Reputational damage is a massive side effect. Customer experience is often a primary concern for many businesses, and it’s common that acceptable levels of fraud are often taken on board as the price of profit.
But that price is just too high. People are often buying with tight deadlines; if you can’t deliver the goods – literally – they’ll go to a competitor. And if their purchase is ruined by fraud, then you can guarantee that, in this day and age of social media proliferation, they’ll have the ear of the whole world.
Then there are the complications that can arise from compliance. Bots using stolen or synthetic accounts that contain real-world contact details can cause a regulatory headache. If a business follows up by communication with customers who’ve had their ID stolen – and who didn’t opt in to GDPR / CCPA – they can fall foul of compliance regulations. That "acceptable loss of profit" will be dwarfed by some of the fines that businesses could face in this situation.
And further downstream is the potential budget impact. Businesses often spend significant amounts of money following up with customers and sales leads. A flood of fake accounts getting through the system can lead to serious expenditure on trying to stay in touch with potential customers who don’t even exist. Even if an organization routinely scrubs its database of fake contacts, it’s still an activity that carries an operation cost.
Fighting the identity crisis
The common thread in all of these scenarios is authentication – or rather, a lack of it.
We understand that convenience is a primary driver for customers, making it difficult to establish and maintain brand loyalty. Making the user journey as slick and easy as possible is a major differentiating factor for customers. But equally, we know that removing friction at the expense of security isn’t the answer.
The answer is to Start More Certain. A strategy that passively identifies the customer at the very outset of the journey reduces friction, builds trust and importantly, keeps the bots at bay. Callsign’s technology takes an inherently welcoming and user-friendly approach, as opposed to the heavy-handed anti-fraud stance that users often encounter.
Callsign actively looks for traits and signs of fraudulent activity by bots (and other bad actors); but that all takes place under the hood. From the user’s perspective, the many authentication checks take place passively and unintrusively.
Our Intelligence-Driven Authentication (IDA) locks out even the most sophisticated of bots by not only analyzing the location and ID of a device, but the behavioral biometrics of the user; how they Swipe and Type, the dynamics and velocity of keypresses or taps.
The (in)human element
Bots are not going to go away; quite the opposite. They have already broken out of the scalper sandbox. Lifestyle brand Supreme, whose marketing model depends heavily on limited-edition releases, has had to deal with the likes of SupBot, an iOS sniper app designed to help users beat other shoppers to the punch; in 2019, it became the number one paid-for app on the App Store.

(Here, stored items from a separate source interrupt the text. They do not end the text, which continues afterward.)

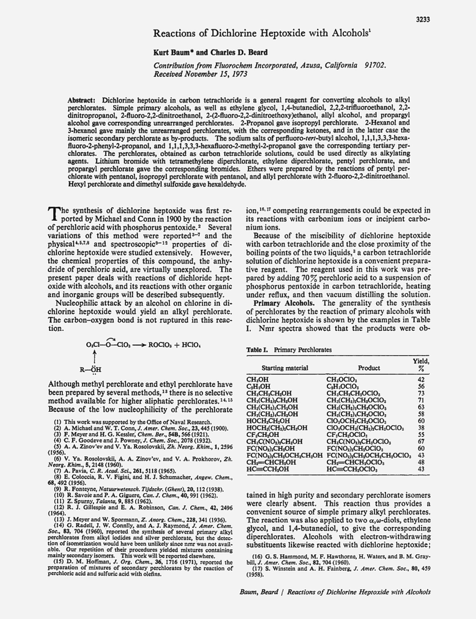 Dichlorine Heptoxide in Carbon Tetrachloride is a general reagent for the facile oxidation of alcohols to alkyl perchlorates.
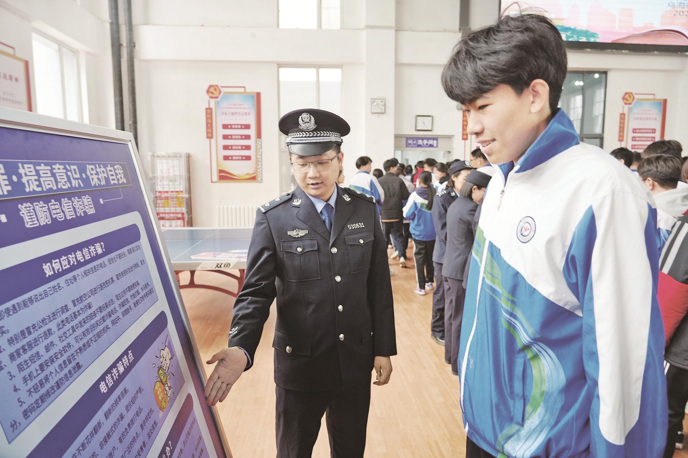 “我们通过情景模拟的方式,引导师生、家长主动学习反诈知识,通过模拟遭遇诈骗如何应对、发现其他同学疑似被骗如何劝阻等场景巩固所学知识,并鼓励学生向家人朋友宣传反诈知识,持续扩大反诈宣传覆盖面。”市公安局侦查中心民警孔繁盛说。
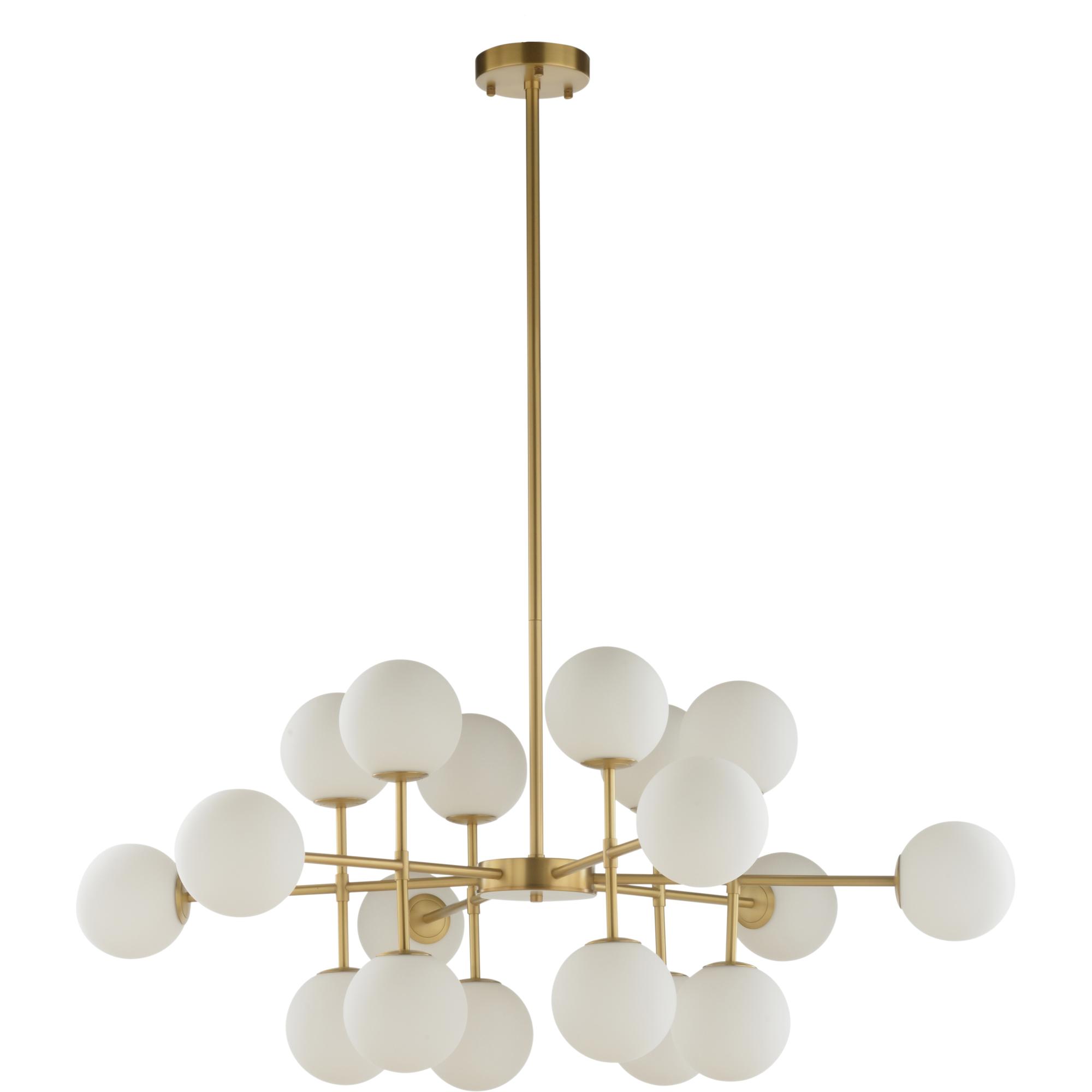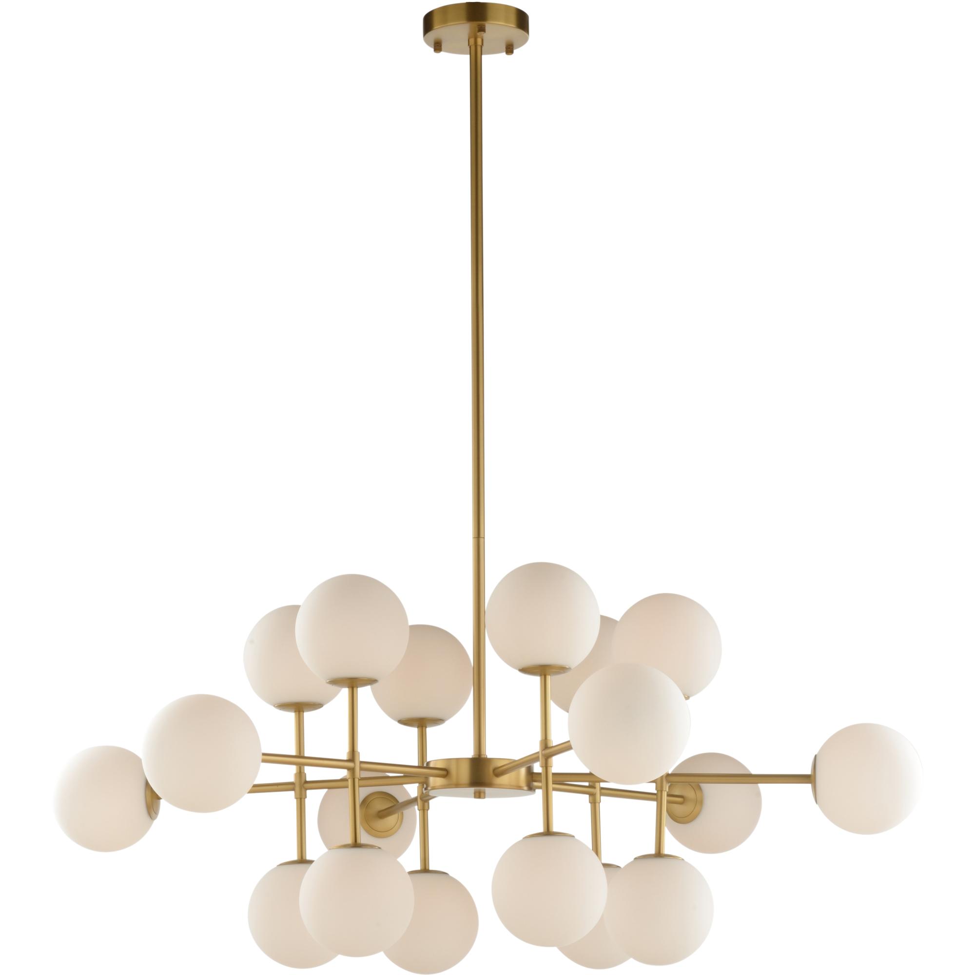 The Rue Saint-Anne Chandelier is a stunning centerpiece that combines mid-century modern design with a touch of vintage sophistication. Featuring an array of milk glass globes branching out from an antique brass frame, this chandelier radiates a soft, warm light that adds a luxurious glow to any room. Its geometric arrangement of globes creates a striking visual impact, making it the perfect statement piece for living spaces, dining rooms, or grand entryways. Comes with 1′, 2′ and 3′ rods.
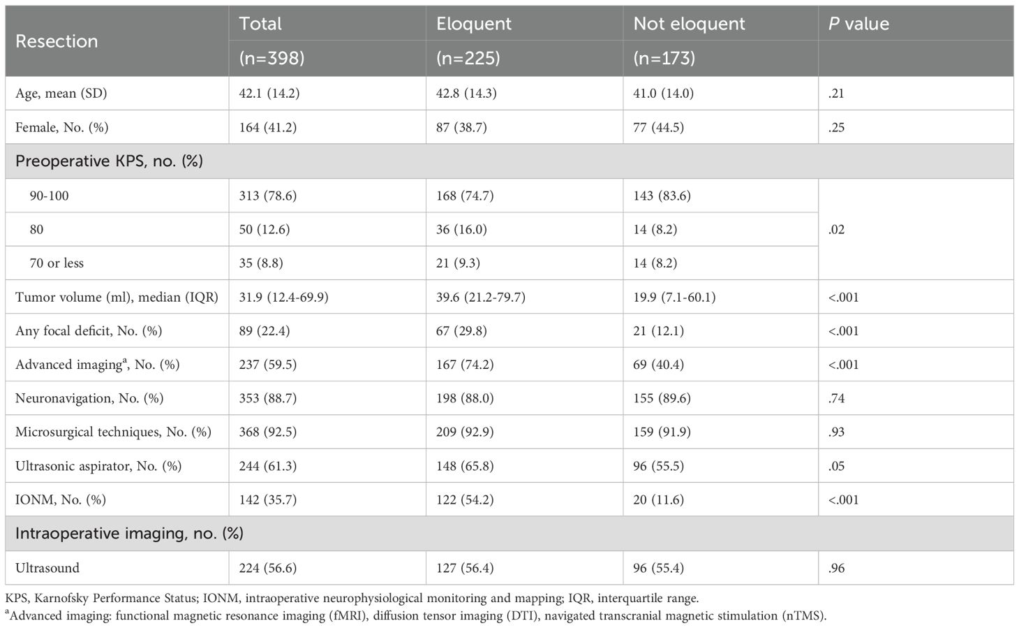 Table 3. Preoperative work up, surgical techniques, and perioperative treatment for tumors in a presumed eloquent area vs not eloquent area.
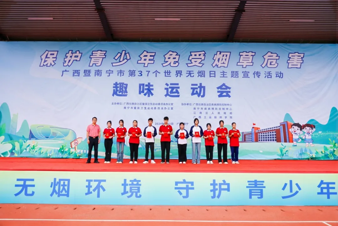 2024年5月31日是第37个世界无烟日,当天下午,由自治区爱卫办、南宁市爱国卫办主办,广西疾控中心、南宁市疾控中心、南宁市江南区人民政府、广西工业技师学院等多家单位协办的世界无烟日大型宣传活动,在广西工业技师学院隆重举办。
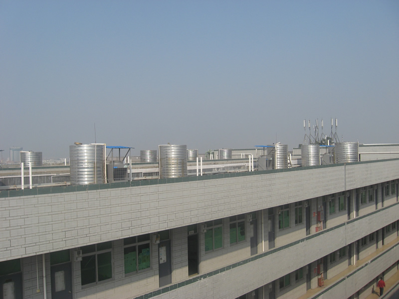 東莞綠揚(yáng)鞋業(yè)有限公司10000人員工宿舍400噸水太陽(yáng)能+空氣能熱泵熱水工程項(xiàng)目水箱安裝效果
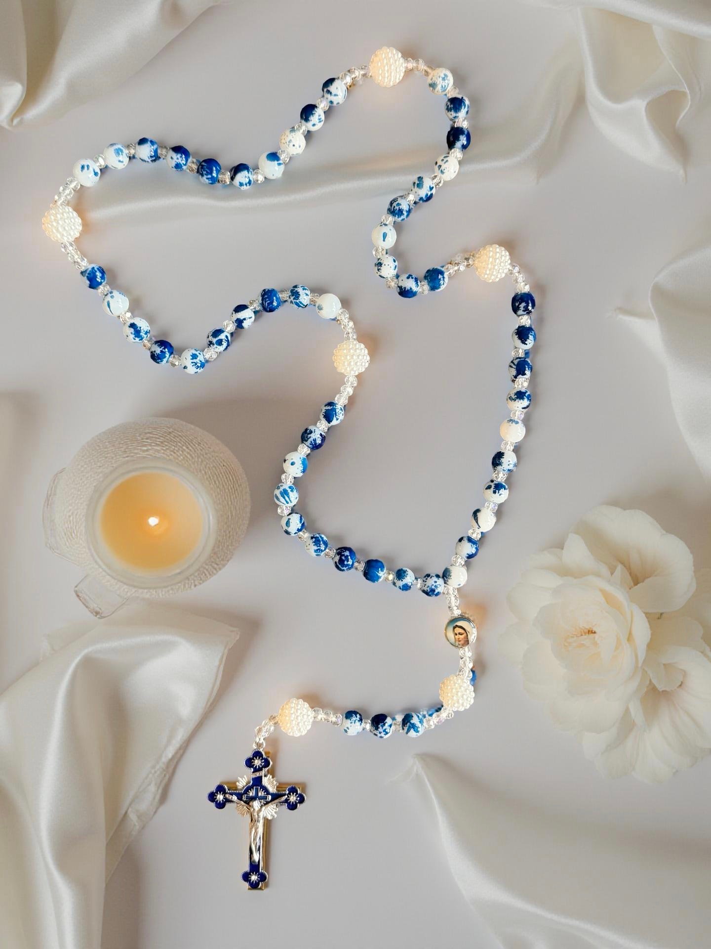 Experience the serene beauty of this handmade rosary featuring stunning blue and white glass beads reminiscent of classic paint. Elegance of traditional blue and white ceramic artistry, creating a devotional piece that's both spiritually meaningful and visually captivating.
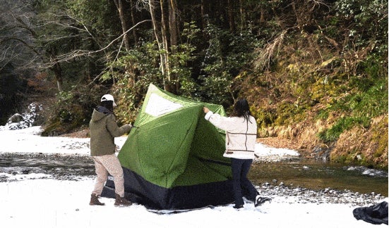 テントは紐を引っ張る だけの簡単設置、慣れれば2,3分で居心地のいいテント空間ができます。
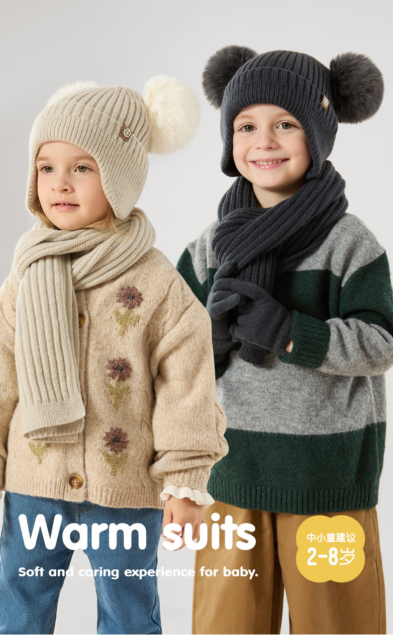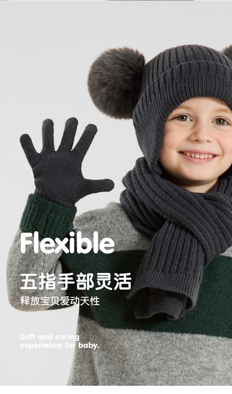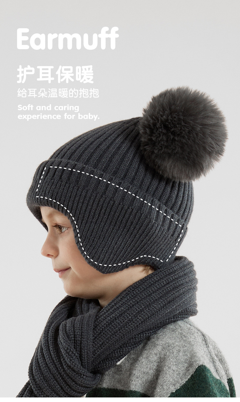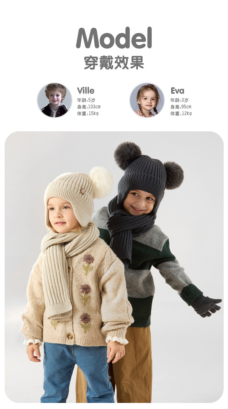 儿童帽子围巾手套三件套冬季保暖防寒毛球护耳帽子儿童围巾三件套
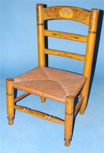 PAINT DECORATED CHILD’S CHAIR WITH LANDSCAPE AND FLORAL DECORATION ON MUSTARD GROUND. Excellent condition with usual wear. Overall 20.25” H.
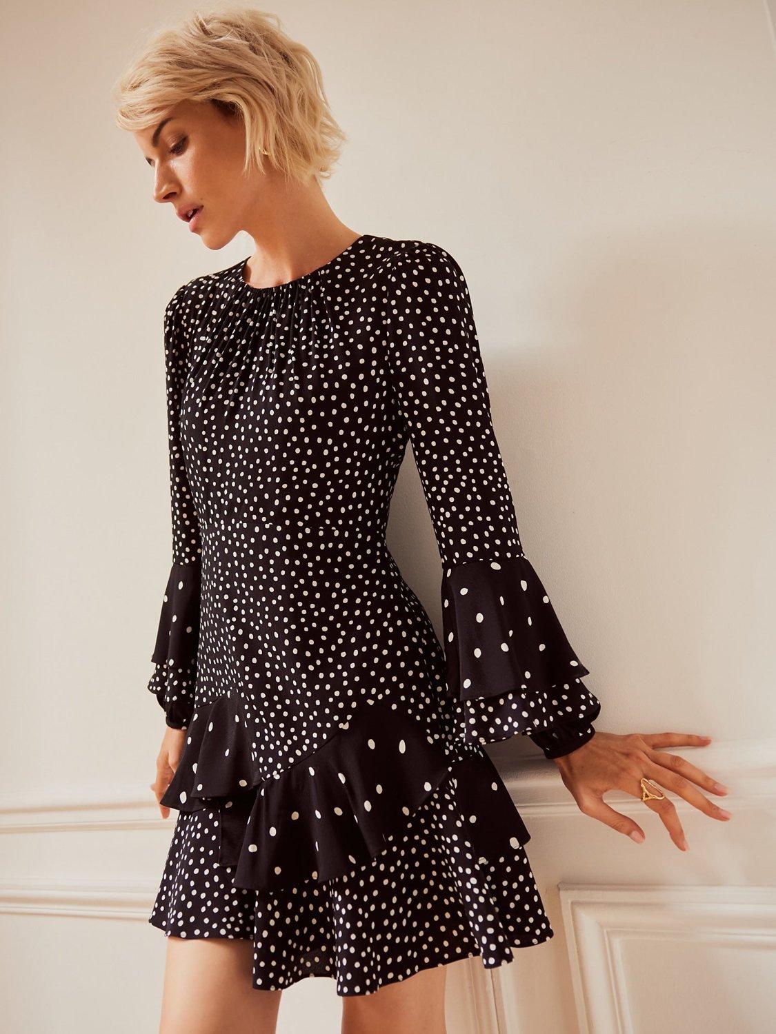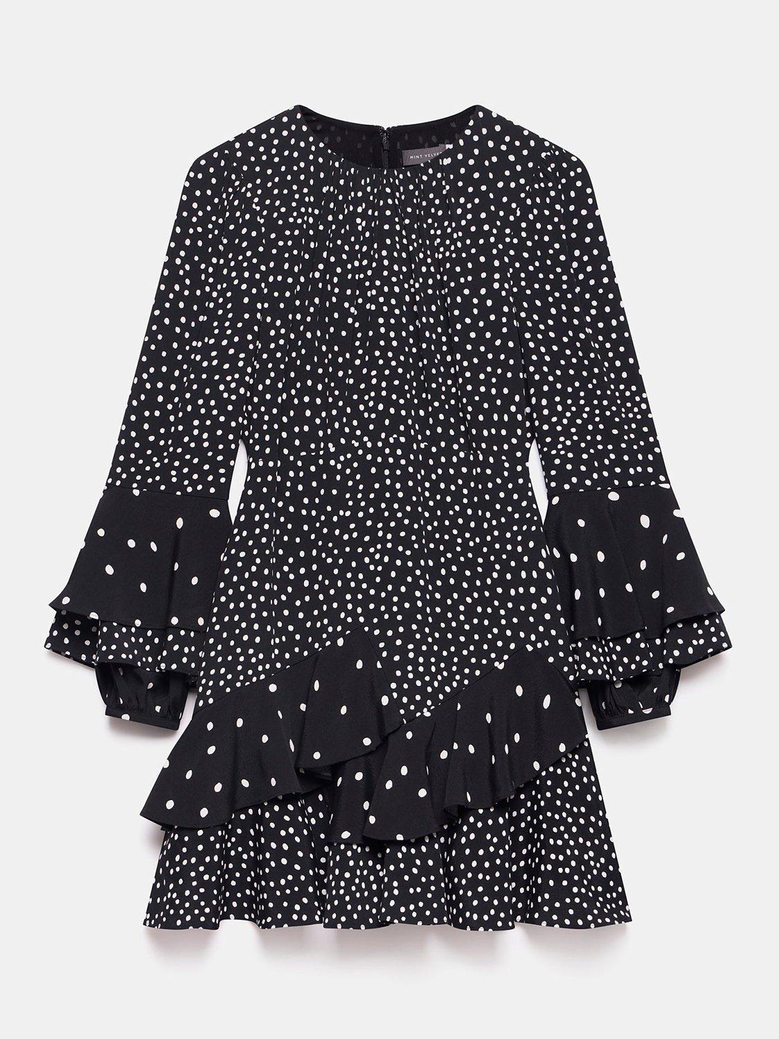 Product Name: Black and white polka dot ruffle dress sales
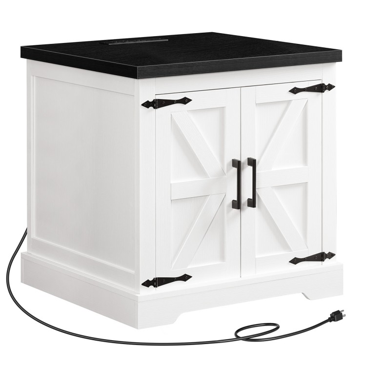 منضدة المزرعة مع محطة شحن, 24" طاولة نهاية كبيرة مع باب الحظيرة ورف تخزين قابل للتعديل, منضدة بيضاء مربعة, طاولة بجانب السرير ريفية لغرفة النوم, معيشة

That does blur the lines between legitimate consumer and scalper somewhat. But for the majority of consumers making purchases via more traditional channels, the ability to purchase the items they want on the first attempt, safely and security, is the dealbreaker.
As the more and more people make the shift to online shopping, the opportunities for turning first time buyers into loyal customers are massive. By adopting a Start More Certain approach for your user journeys, you’ll be ensuring that the winners in this scenario are you and your customers, rather than the bots.